Before: GLEICHER, C.J., and JANSEN and HOOD, JJ.
JANSEN, J. (dissenting)
For the reasons that follow, I respectfully dissent. I would affirm defendant’s conviction of reckless driving causing death, MCL 257.626(4), because defendant failed to establish that he was provided ineffective assistance of counsel for trial counsel’s failure to move to dismiss this charge on the basis that the cause of the accident that killed the victim arose from the lack of maintenance of the vehicle.
“A claim of ineffective assistance of counsel presents a mixed question of fact and constitutional law.” People v Isrow, 339 Mich App 522, 531; 984 NW2d 528 (2021) (quotation marks and citation omitted). The trial court’s findings of fact are reviewed for clear error and legal questions are reviewed de novo. Id. Clear error occurs when the reviewing court is left with a definite and firm conviction that a mistake was made. Id. A criminal defendant’s right to a fair trial is protected by the United States and Michigan Constitutions. US Const, Am VI; Const 1963, art 1, § 17. This includes the right to effective assistance of counsel; trial counsel is presumed to be effective, and defendant has the burden to prove otherwise. Isrow, 339 Mich App at 531. “To establish ineffective assistance of counsel, a defendant must show (1) that trial counsel’s performance was objectively deficient, and (2) that the deficiencies prejudiced the defendant.” Id. at 531-532 (quotation marks and citation omitted). “Failure to raise a futile objection or advance a meritless argument does not constitute ineffective assistance of counsel.” Id. at 532. Issues of statutory interpretation are reviewed de novo. People v Peltola, 489 Mich 174, 178; 803 NW2d 140 (2011).

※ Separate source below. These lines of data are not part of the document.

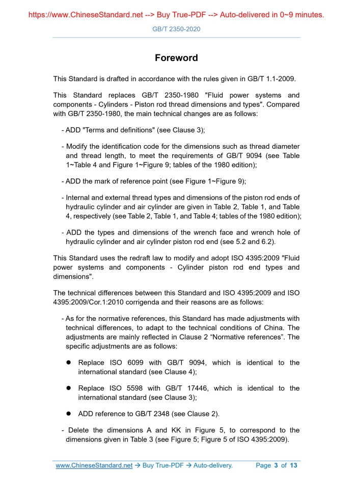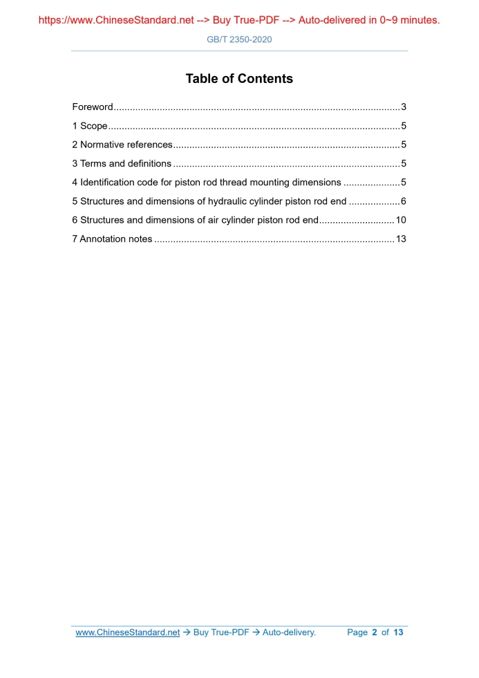 Similar standardsGB/T 2350-2020: Fluid power systems and components - Cylinder piston rod thread types and dimensions---This is an excerpt. Full copy of true-PDF in English version (including equations, symbols, images, flow-chart, tables, and figures etc.), auto-downloaded/delivered in 9 seconds, can be purchased online: https://www.ChineseStandard.net/PDF.aspx/GBT2350-2020 GB NATIONAL STANDARD OF THE PEOPLE’S REPUBLIC OF CHINA ICS 23.100.20 J 20 Replacing GB/T 2350-1980 Fluid power systems and components - Cylinder piston rod thread types and dimensions (ISO 4395:2009, Fluid power systems and components - Cylinder piston rod end types and dimensions, MOD) ISSUED ON: NOVEMBER 19, 2020 IMPLEMENTED ON: JUNE 01, 2021 Issued by: State Administration for Market Regulation; Standardization Administration of the PRC. Table of ContentsForeword ... 3 1 Scope ... 5 2 Normative references ... 5 3 Terms and definitions ... 5 4 Identification code for piston rod thread mounting dimensions ... 5 5 Structures and dimensions of hydraulic cylinder piston rod end ... 6 6 Structures and dimensions of air cylinder piston rod end ... 10 7 Annotation notes ... 13ForewordThis Standard is drafted in accordance with the rules given in GB/T 1.1-2009. This Standard replaces GB/T 2350-1980 "Fluid power systems and components - Cylinders - Piston rod thread dimensions and types". Compared with GB/T 2350-1980, the main technical changes are as follows: - ADD "Terms and definitions" (see Clause 3); - Modify the identification code for the dimensions such as thread diameter and thread length, to meet the requirements of GB/T 9094 (see Table 1~Table 4 and Figure 1~Figure 9; tables of the 1980 edition); - ADD the mark of reference point (see Figure 1~Figure 9); - Internal and external thread types and dimensions of the piston rod ends of hydraulic cylinder and air cylinder are given in Table 2, Table 1, and Table 4, respectively (see Table 2, Table 1, and Table 4; tables of the 1980 edition); - ADD the types and dimensions of the wrench face and wrench hole of hydraulic cylinder and air cylinder piston rod end (see 5.2 and 6.2). This Standard uses the redraft law to modify and adopt ISO 4395:2009 "Fluid power systems and components - Cylinder piston rod end types and dimensions". The technical differences between this Standard and ISO 4395:2009 and ISO 4395:2009/Cor.1:2010 corrigenda and their reasons are as follows: - As for the normative references, this Standard has made adjustments with technical differences, to adapt to the technical conditions of China. The adjustments are mainly reflected in Clause 2 “Normative references”. The specific adjustments are as follows: Replace ISO 6099 with GB/T 9094, which is identical to the international standard (see Clause 4); Replace ISO 5598 with GB/T 17446, which is identical to the international standard (see Clause 3); ADD reference to GB/T 2348 (see Clause 2). - Delete the dimensions A and KK in Figure 5, to correspond to the dimensions given in Table 3 (see Figure 5; Figure 5 of ISO 4395:2009). Fluid power systems and components - Cylinder piston rod thread types and dimensions1 ScopeThis Standard specifies the common series of piston rod threads for hydraulic cylinders and air cylinders that use hydraulic oil (fluid) or compressed air as the working medium; as well as the wrench face and wrench hole dimensions for assembly and tightening of the piston rod threads. This Standard applies to the external connecting threads of hydraulic cylinder and air cylinder piston rods.2 Normative referencesThe following documents are indispensable for the application of this document. For the dated references, only the editions with the dates indicated are applicable to this document. For the undated references, the latest edition (including all the amendments) are applicable to this document. GB/T 2348 Fluid power systems and components - Cylinder bores and piston rod diameters (GB/T 2348-2018, ISO 3320:2013, MOD) GB/T 9094 Fluid power systems and components - Identification code for cylinders mounting dimensions and mounting types (GB/T 9094-2020, ISO 6099:2018, IDT) GB/T 17446 Fluid power systems and components - Vocabulary (GB/T 17446-2012, ISO 5598:2008, IDT)3 Terms and definitionsThe terms and definitions defined in GB/T 17446 apply to this document.4 Identification code for piston rod thread mountingdimensions The identification code for piston rod thread mounting dimensions shall meet the requirements of GB/T 9094. ......Source: Above contents are excerpted from the full-copy PDF -- translated/reviewed by: www.ChineseStandard.net / Wayne Zheng et al. Tips & Frequently Asked Questions:Question 1: How long will the true-PDF of English version of GB/T 2350-2020 be delivered?Answer: The full copy PDF of English version of GB/T 2350-2020 can be downloaded in 9 seconds, and it will also be emailed to you in 9 seconds (double mechanisms to ensure the delivery reliably), with PDF-invoice.Question 2: Can I share the purchased PDF of GB/T 2350-2020_English with my colleagues?Answer: Yes. The purchased PDF of GB/T 2350-2020_English will be deemed to be sold to your employer/organization who actually paid for it, including your colleagues and your employer's intranet.Question 3: Does the price include tax/VAT?Answer: Yes. Our tax invoice, downloaded/delivered in 9 seconds, includes all tax/VAT and complies with 100+ countries' tax regulations (tax exempted in 100+ countries) -- See Avoidance of Double Taxation Agreements (DTAs): List of DTAs signed between Singapore and 100+ countriesQuestion 4: Do you accept my currency other than USD?Answer: Yes. www.ChineseStandard.us -- GB/T 2350-2020 -- Click this link and select your country/currency to pay, the exact amount in your currency will be printed on the invoice. Full PDF will also be downloaded/emailed in 9 seconds.Question 5: Should I purchase the latest version GB/T 2350-2020?Answer: Yes. Unless special scenarios such as technical c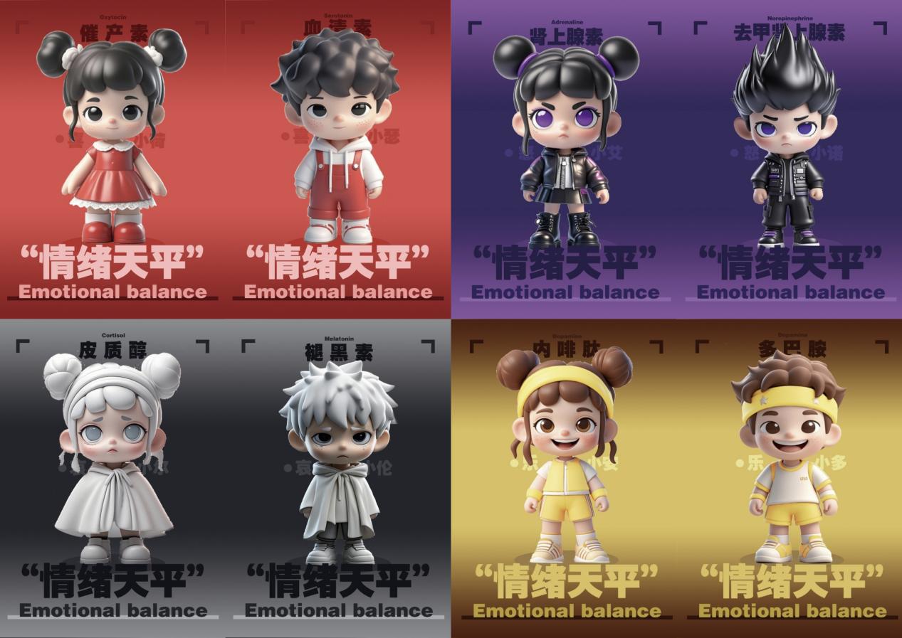 谢韵涵本设计源自指导老师主持的湖南省教育厅教研教改课题《数智时代背景下“人本+智创”设计人才培养路径研究》,聚焦于“Z时代”人群在现代社会重压下情绪易波动问题,以“情绪天平”公益主题开展IP形象设计。通过构建“喜怒哀乐”调节激素拟人化IP形象,让“Z时代”人群从中获取当下需要的情绪,并及时调节情绪达到平衡状态。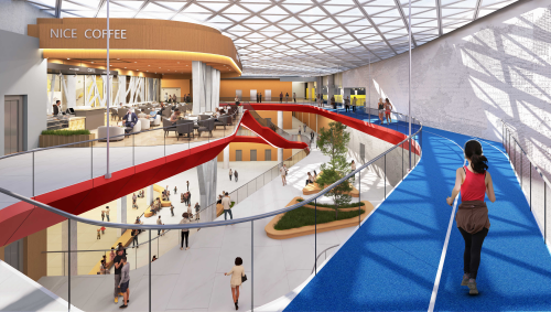 室内设计方面,方案将开放性、生态性与文化融合为主导理念,设置集约化运动场、串联型休闲跑道与有活力的商业空间,意在将体育中心打造成全民共享的城市活力空间。交通组织明确高效,地上与地下共设近600个机动车停车位,充分满足日常需求。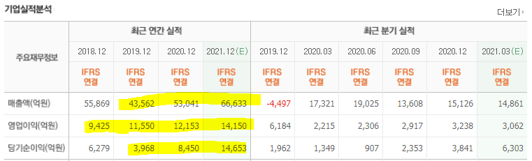 네이버의 2020년 말 기준 매출액은 약 5조 3,041억 원이며, 영업이익은 1조 2,153억 원을 보였습니다. 2019년부터 매출액은 꾸준한 성장을 보였으며, 올해 전망치 또한 20%대의 매출 성장과 영업이익 성장을 전망하고 있는 상황입니다.

-1- Defendant argues that trial counsel provided ineffective assistance by failing to move to dismiss the reckless-driving-causing-death charge against defendant on the basis that the charge’s element of “operation” of the vehicle can only be proven when the accident is caused by the driver’s manner of operating the vehicle and not when the accident is caused by the driver’s failure to adequately maintain the vehicle. The prosecution acknowledged in the trial court and on appeal that its charging defendant with reckless driving causing death on the basis of a failure to properly maintain the vehicle defendant was driving during the accident was a novel legal theory. In my opinion, the language of the statute does not exclude such a reading, the majority reading of the statute is too narrow, and the prosecution did not, as stated by the majority opinion, usurp the duty of the Legislature to define crimes by “riffing on equivocal language.”
The reckless-driving statute, MCL 257.626, provides in pertinent part:
(1) A person who violates this section is guilty of reckless driving punishable as provided in this section.
(2) Except as otherwise provided in this section, a person who operates a vehicle upon a highway or a frozen public lake, stream, or pond or other place open to the general public, including, but not limited to, an area designated for the parking of motor vehicles, in willful or wanton disregard for the safety of persons or property is guilty of a misdemeanor punishable by imprisonment for not more than 93 days or a fine of not more than $500.00, or both.
* * *
(4) Beginning October 31, 2010, a person who operates a vehicle in violation of subsection (2) and by the operation of that vehicle causes the death of another person is guilty of a felony punishable by imprisonment for not more than 15 years or a fine of not less than $2,500.00 or more than $10,000.00, or both. . . .
The Michigan Vehicle Code defines the “operation” of a vehicle as “[b]eing in actual physical control of a vehicle.” MCL 257.35a(1)(a). Violations of equipment and maintenance standards are civil infractions that are enforced by police officers who may issue citations and order a driver to have the defects repaired immediately. MCL 257.715(1). MCL 257.683 provides, in pertinent part:
(1) A person shall not drive or move or the owner shall not cause or knowingly permit to be driven or moved on a highway a vehicle or combination of vehicles that is in such an unsafe condition as to endanger a person, or that does not contain those parts or is not at all times equipped with lamps and other equipment in proper condition and adjustment as required in sections 683 to 711, or that is equipped in a manner in violation of sections 683 to 711. A person shall not do an act forbidden or fail to perform an act required under sections 683 to 711.
-2- (6) Except as otherwise provided in section 698 or 707d, a person who violates a provision of sections 683 to 711 with respect to equipment on vehicles is responsible for a civil infraction.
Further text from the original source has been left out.